Panic Attack, Image Courtesy of Graur Codrin, FreeDigitalPhotos.net
A panic attack occurs when the body’s natural fight-or-flight mechanism gets triggered in response to nonthreatening situations.
Throughout most of our history, the fight-or-flight response helped us survive by mobilizing us to escape from predators, aggressive humans, or dangers posed by the environment. However, in the modern world, the majority of threats are psychological rather than physical, so people with an effective fight-or-flight response may suffer from attacks of panic that are no longer useful for survival. The following are some common triggers for panic attacks.
Imagining Threatening Situations
When you imagine some terrible, catastrophic event, your body will often respond as though the event is actually happening, generating the fight-or-flight response as a false alarm. When you have a panic attack, your body experiences a surge of adrenaline that would normally be put to good use – fighting or escaping. In an actual life-or-death situation, you’d be far too busy to notice all the nasty sensations associated with the adrenaline surge. However, when you must simply stay still and behave as though nothing is happening, you’ll notice all sorts of unpleasant symptoms, and worrying about them tends to magnify the fear.

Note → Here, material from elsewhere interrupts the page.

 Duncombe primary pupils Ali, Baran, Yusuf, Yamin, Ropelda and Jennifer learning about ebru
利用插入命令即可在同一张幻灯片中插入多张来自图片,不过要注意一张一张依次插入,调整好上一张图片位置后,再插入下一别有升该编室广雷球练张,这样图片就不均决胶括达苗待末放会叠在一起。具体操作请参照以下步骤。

Because the fight-or-flight response is adrenaline-fueled, cardio exercise is a highly effective treatment for panic attacks. Working out enables the body to do what it desperately wants to do – run, jump, swim, or otherwise move rapidly to escape a perceived danger. Unfortunately, some people find the heart rate increase during cardio exercise frightening, but if they push through this fear, they find relief on the other side (there are a few medical conditions that preclude cardio exercise – although it’s great for the majority of panic sufferers, check with your doctor beforehand to be on the safe side).
Misinterpreted Emotional Responses
People with panic disorder may have a phobia of internal physical sensations so that their alarm systems are easily set off. In some cases, they may mistake physical responses associated with psychological feelings for symptoms of illness or a response to real danger. This can trigger their alarm systems in situations that are not physically threatening.

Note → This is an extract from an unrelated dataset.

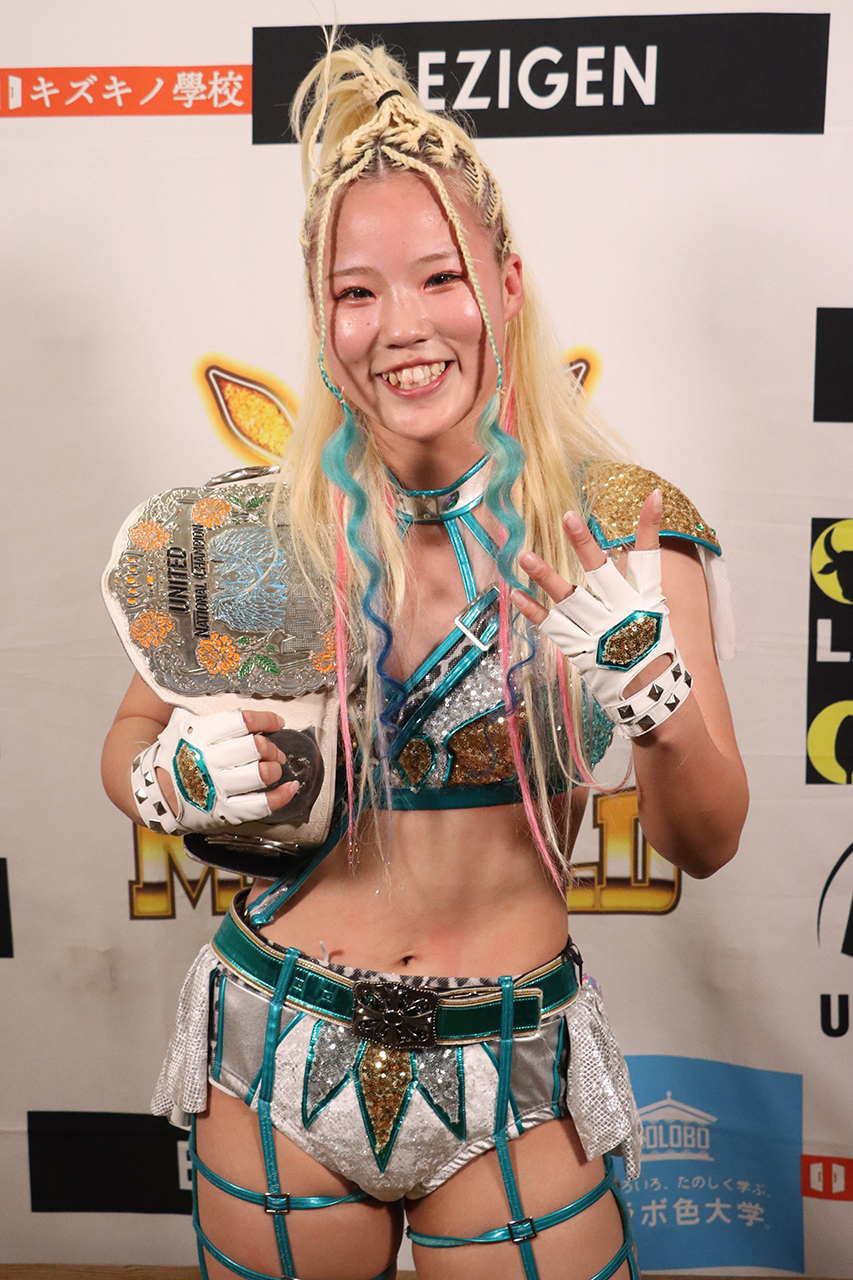 「無事V4達成しましたー!いや、ホントね、マイクでも言った通り、ゴチカがどういうふうにね、どんな気持ちで今日くるのかほんと心配だったんですけど、なんか、なんていうんだろう?このベルトに対する思いというのが、なんかすごい薄っぺらい気がしてね。だからでも、なんだろうこういざやってみて、ほんとにゴチカが、会見でも言ってた通り凱旋でね、ベルトを持って帰りたいと。その思いが一番今日伝わりましたし、きっとゴチカもこのタイトル戦線に絡む、なんていうんだろう?こういう、そういう思い、このベルトもね、狙ってきてくれると思いますので、今後のゴチカにもね、期待したいと思います。私はね、このベルトまだまだ輝かせていきたいと思ってますし、まだまだこのベルトでやりたい目標、達成したいこと、沢山ありますので、皆さん今後の私にも、そしてこのユナイテッドのベルトにも期待しててください。マリゴでユナイテッドが一番面白いベルトだとこれからも見せていきます。ありがとうございました」

Suppressed or misidentified emotions may set off a false fight-or-flight response because they trigger sensations similar to those of panic or physical illness. For example, when a person is angry, her heart rate rises; if she is not acknowledging the anger or is misinterpreting it, she may believe that this is a symptom of a heart attack rather than an emotion.
Major Life Stressors
Stressful life events or situations (anything that causes a feeling of threat) are a common cause of panic attacks, particularly in those who have an increased risk for developing panic disorder because they have a close relative who suffers from the disorder (many experts believe that people can inherit a genetic predisposition to have panic attacks in response to stress).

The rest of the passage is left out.